Cezaevine giren çabuk unutuluyor. İçinde MİT'e ait malzemelerin
olduğu öne sürülen TIR'larda, ihbar üzerine yapılan aramalarla
ilgili olarak dönemin Adana Cumhuriyet Başsavcısı Süleyman
Bağrıyanık'ın, cumhuriyet savcıları Aziz Takçı'nın, Özcan
Şişman'ın, Ahmet Karaca'nın cezaevine konulmasının üzerinden tam
bir yıl geçtiğini ve onların halen Sincan Cezaevi'nde bulunduğunu
kaçımız hatırlıyoruz.
Onlar, tutuklanışının birinci yılına girdiği saatte, TIR'larla
ilgili haberleri yazan Cumhuriyet Gazetesi Genel Yayın Yönetmeni
Can Dündar, Ankara Temsilcisi Erdem Gül de aynı gün hapis
cezalarına çarptırıldı. Bununla kalınmadı, Dündar'a karardan kısa
süre önce silahlı saldırı oldu.
GİZLİ TANIKLAR YİNE SAHNEDE
Bu ülkede bir “gizli tanık terörü” var.

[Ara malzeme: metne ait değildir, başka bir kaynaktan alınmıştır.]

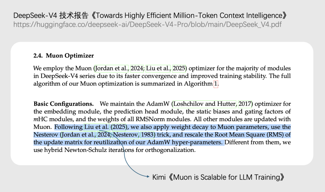 如今,DeepSeek V4 也跟进用 Muon 优化器技术,实现训练效率的稳定性。两家公司将底层的优化技术相互吸纳,打破了技术壁垒,展现出前所未有的深度合作。

Bunların söylediklerine
dayanarak, başka bilgi ve belgeye ihtiyaç duyulmadan insanların
hayatının karartıldığı dönemler yaşandı. “Ergenekon”un her şeyi
bilen, ne tempihleniyorsa onu savcıya söyleyen, mahkemede anlatan
gizli tanıkları unuttuk mu?
Bakıyorsunuz, son dönemde devam eden bazı davalarda yine “gizli
tanık”lar var. Jandarma Genel Komutanlığı'nda, 200-250 jandarma
personelinin 2014 yılında toplantılar yaptığı ve bunun üzerine
içinde MİT'in gönderdiği belirtilen malzemelerin yakalandığı
belirtiliyor. Yakalamanın amacının “Türkiye'yi uluslararası alanda
zor duruma düşürme” olduğu belirtiliyor.
Gizli tanıkların ifadelerine dayanarak geçmişte yaşanan ve bugün
hepsinin “kumpas” olduğu davaların tekrarlanmaması dileğimizdir.
Geçmişte olduğu gibi 17-25 Aralık soruşturmalarını yürüten
savcısından polisine “şucu-bucu” damgası vuruldu vurulmasına ama o
iddialar “gerçek mi, değil mi?” araştırmasına gerek bile duyulmadı.
Sadece bir “darbe” lafı aldı yürüdü ve asıl üzerinde durulması
gereken konuların üstü kapatıldı. Unutmayalım, her dönemin bir
“çetelesi” tutulur. Gün gelir o dönem de yargıya taşınır.